### WORK TO COMPLETE
The answer should be an exact repeat of the stretch of material below from the line containing "Este documento presenta" through the line containing "16. 如图所示是明代著名画".

[[ SOURCE INFORMATION, beginning ]]

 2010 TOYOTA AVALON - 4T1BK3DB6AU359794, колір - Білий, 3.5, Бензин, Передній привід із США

[[ SOURCE INFORMATION, end ]]
[[ SOURCE INFORMATION, beginning ]]

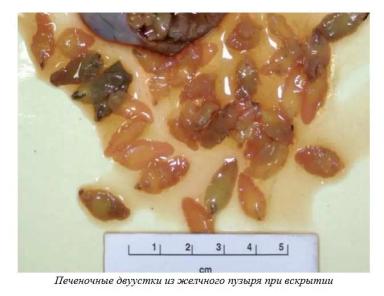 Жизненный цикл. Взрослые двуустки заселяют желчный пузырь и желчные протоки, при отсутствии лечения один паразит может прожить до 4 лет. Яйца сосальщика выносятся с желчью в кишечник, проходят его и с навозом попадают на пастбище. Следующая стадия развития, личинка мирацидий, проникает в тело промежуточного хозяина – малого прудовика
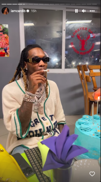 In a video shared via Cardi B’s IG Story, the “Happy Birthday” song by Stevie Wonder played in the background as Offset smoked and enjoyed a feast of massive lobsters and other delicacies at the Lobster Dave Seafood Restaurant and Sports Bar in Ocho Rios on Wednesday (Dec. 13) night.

[[ SOURCE INFORMATION, end ]]
[[ SOURCE INFORMATION, beginning ]]

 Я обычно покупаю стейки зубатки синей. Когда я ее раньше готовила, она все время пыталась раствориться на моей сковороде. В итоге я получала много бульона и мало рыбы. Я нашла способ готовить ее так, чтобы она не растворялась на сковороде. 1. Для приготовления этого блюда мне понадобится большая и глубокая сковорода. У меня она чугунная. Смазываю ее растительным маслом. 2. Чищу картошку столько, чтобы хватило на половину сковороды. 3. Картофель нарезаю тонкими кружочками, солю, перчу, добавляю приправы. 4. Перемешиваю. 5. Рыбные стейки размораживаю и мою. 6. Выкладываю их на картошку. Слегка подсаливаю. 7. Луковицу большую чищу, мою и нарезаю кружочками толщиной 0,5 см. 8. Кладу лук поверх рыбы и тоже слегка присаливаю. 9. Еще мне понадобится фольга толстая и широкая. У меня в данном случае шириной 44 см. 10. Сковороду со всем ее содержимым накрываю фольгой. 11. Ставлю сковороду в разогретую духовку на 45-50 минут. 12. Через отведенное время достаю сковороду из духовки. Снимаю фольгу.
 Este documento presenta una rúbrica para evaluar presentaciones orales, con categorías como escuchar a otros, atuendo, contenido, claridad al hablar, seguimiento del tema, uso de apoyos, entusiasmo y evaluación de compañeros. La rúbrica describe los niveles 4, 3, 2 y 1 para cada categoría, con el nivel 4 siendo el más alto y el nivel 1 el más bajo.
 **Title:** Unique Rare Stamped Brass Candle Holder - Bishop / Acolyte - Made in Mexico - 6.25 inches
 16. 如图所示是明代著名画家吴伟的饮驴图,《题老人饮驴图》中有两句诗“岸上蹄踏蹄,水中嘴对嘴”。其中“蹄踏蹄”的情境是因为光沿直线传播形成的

[[ SOURCE INFORMATION, end ]]

### RESULT
 Este documento presenta una rúbrica para evaluar presentaciones orales, con categorías como escuchar a otros, atuendo, contenido, claridad al hablar, seguimiento del tema, uso de apoyos, entusiasmo y evaluación de compañeros. La rúbrica describe los niveles 4, 3, 2 y 1 para cada categoría, con el nivel 4 siendo el más alto y el nivel 1 el más bajo.
 **Title:** Unique Rare Stamped Brass Candle Holder - Bishop / Acolyte - Made in Mexico - 6.25 inches
 16. 如图所示是明代著名画家吴伟的饮驴图,《题老人饮驴图》中有两句诗“岸上蹄踏蹄,水中嘴对嘴”。其中“蹄踏蹄”的情境是因为光沿直线传播形成的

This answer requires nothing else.